I was talking to the head brewer at a local brewery here and he asked what my favorite beer is. I thought for a second and responded "the next one I haven't tried yet". I enjoy all types and variations usually, although I'm not a big fan of sour beers.


----------



## SmokinEdge

Samuel Adams pretty much year around. Blue Moon is nice for a day bbq and visit with friends and family in summer. Winter time I shift to stouts and porters for the spicy around the holidays. Then back to Sam.


----------



## Fueling Around

My staple brew is Grain Belt Nordeast.
Daughter brought me some some krowlers from a craft brewer for father's day 
These come from Junkyard that 

 bigfurmn
 has sampled.
I may sample this weekend.  Daughter wants my sugar free Margarita, too


----------



## yankee2bbq

Hamms.


----------



## PPG1

yankee2bbq said:


> Hamms.


That's one I haven't heard in awhile.


----------



## bigfurmn

Do love an ice cold Hamms after a hot day of working!


----------



## Fueling Around

Here's the selection my daughter brought for my Father's Day present
Home this weekend for my wife's birthday


----------



## bigfurmn

Fueling Around said:


> View attachment 499823
> View attachment 499824
> View attachment 499825
> 
> Here's the selection my daughter brought for my Father's Day present
> Home this weekend for my wife's birthday


How were they? I'm not a huge sour fan but the others sound really good.


----------



## Fueling Around

Haven't tried yet.  Not Father's Day until tomorrow


----------



## Plinsc

Anyone remember Old Dutch brand beer?


----------



## Fueling Around

Plinsc said:


> Anyone remember Old Dutch brand beer?


Don't remember that label.  What part of the continent is (was) that produced?


----------



## Fueling Around

I drank the Dirty Pete shortly after Father's Day.  It was OK, but not something I would seek out and pay the big bucks.


----------



## Plinsc

I was a kid swiping one from the garage refrigerator then! NW Ohio at that time. I’ll have to see what I can find on that.


----------



## bigfurmn

Fueling Around said:


> I drank the Dirty Pete shortly after Father's Day.  It was OK, but not something I would seek out and pay the big bucks.

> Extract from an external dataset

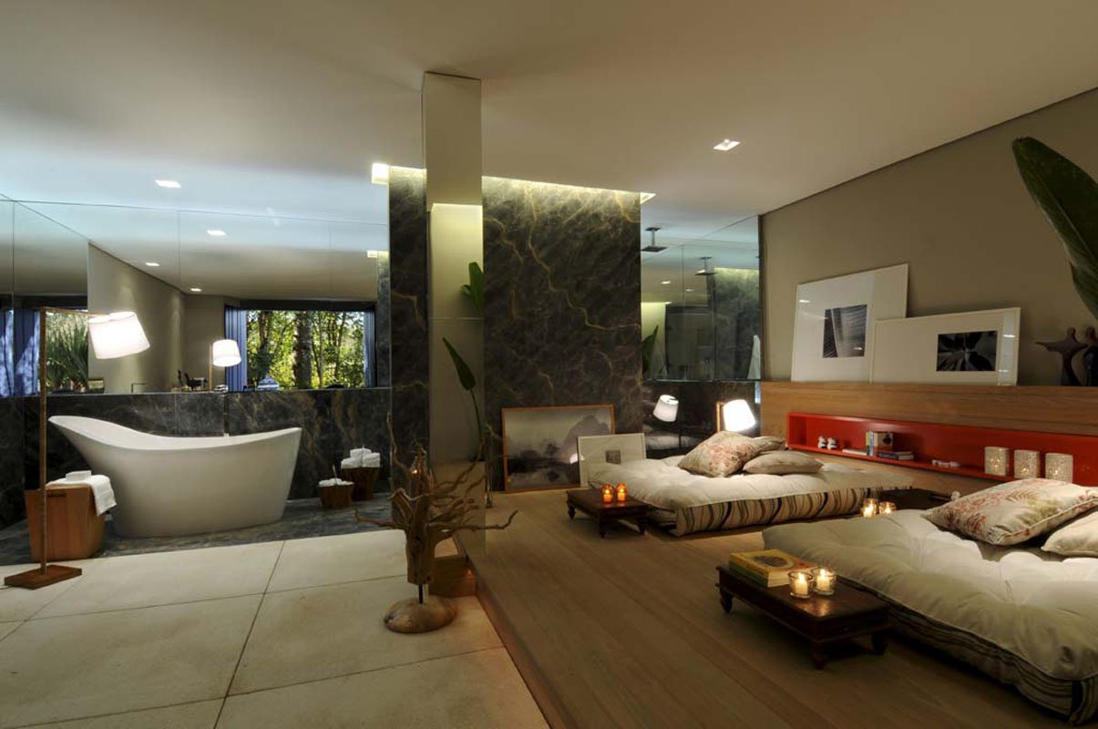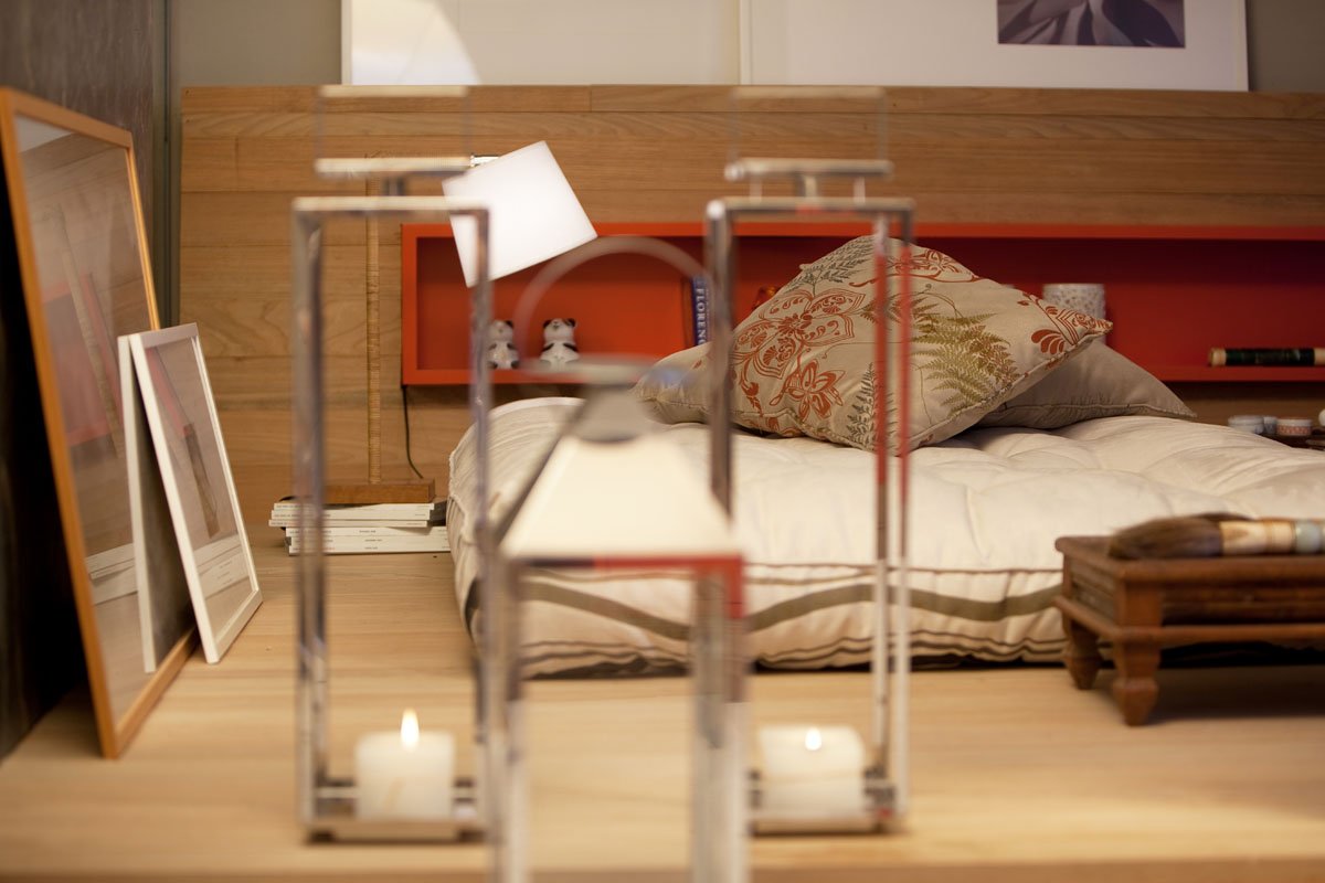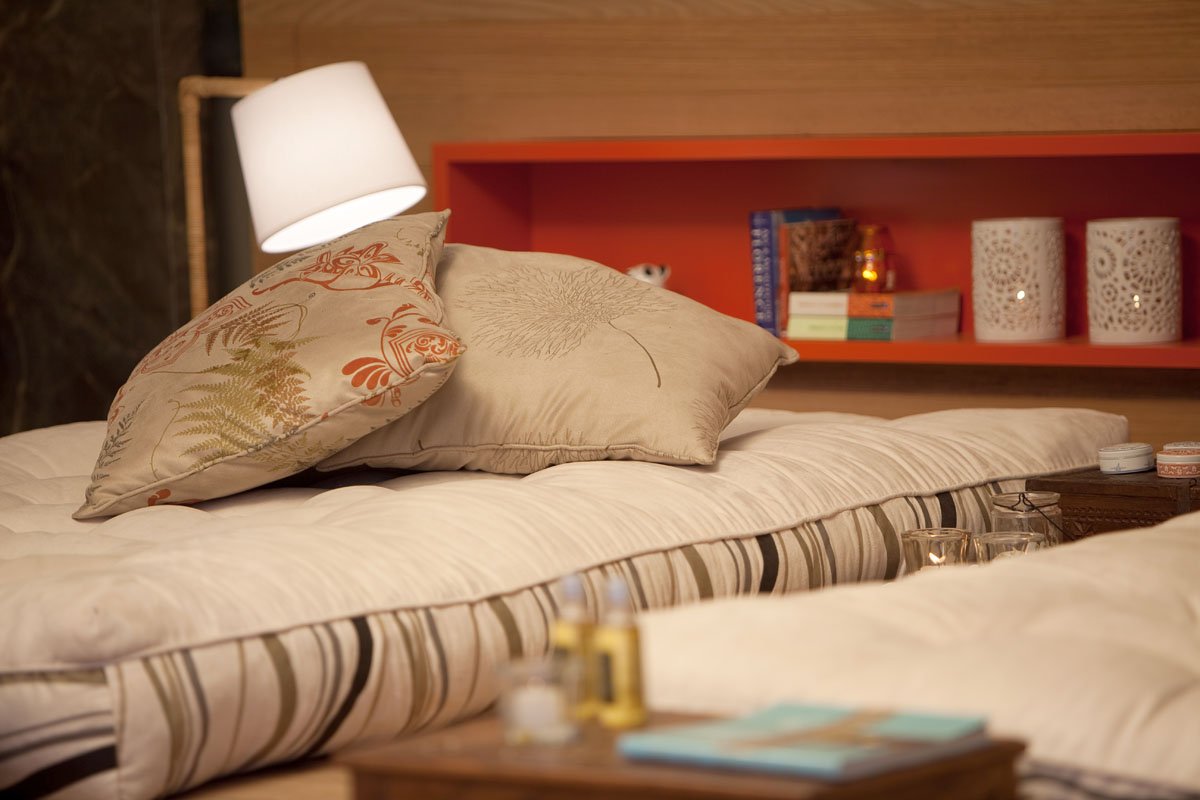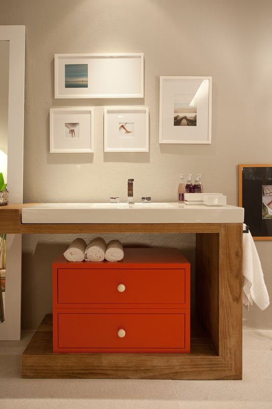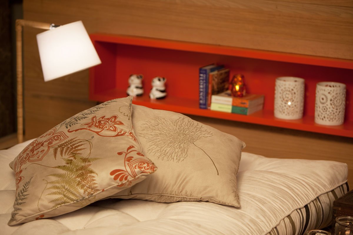 Numa das laterais do ambiente, um tablado de madeira acomoda dois futons, perfeitos para momentos de descanso, leitura ou meditação. Um nicho horizontal amplo apoia objetos e pequenos itens, mantendo tudo organizado e à mão. Já a bancada com cuba foi pensada para valorizar os rituais de autocuidado, tornando cada detalhe mais funcional e agradável.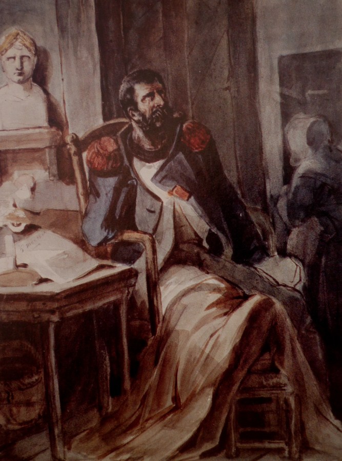 Un ancien membre de la garde de Napoléon, infirme, près d’un buste de l’Empereur. On peut estimer à un million le nombre de vétérans français des guerres napoléoniennes ; parmi eux 10 000 ont fait la campagne de Russie. La figure du mutilé devient familière. Dessin de Nicolas Toussaint Charlet, 1820, Musée de la Malmaison, Reuil-Malmaison.

Well that sucks, it sounded good. I think I tried the NE IPA in your third picture, I thought it was pretty good.


----------



## bigfurmn

Just tried a watermelon ale from a brewery locally. Holy crap, summer in a glass. Surprisingly good. No pics of that but a couple crowlers I'm enjoying right now.


----------



## mneeley490

bigfurmn said:


> Bear... I wish I could get Yuengling here. Rumor has it I might be able to buy then end of the year but I load up the trunk everytime we head east to visit the wife's family. Once I get back everyone wants to come over and enjoy some. Makes for a great time to smoke something. I also love some Genny beers.


Ha, I had heard of Yuengling beer, but never saw any here in the PNW. For years, I thought it was a Chinese beer like Tsingtao.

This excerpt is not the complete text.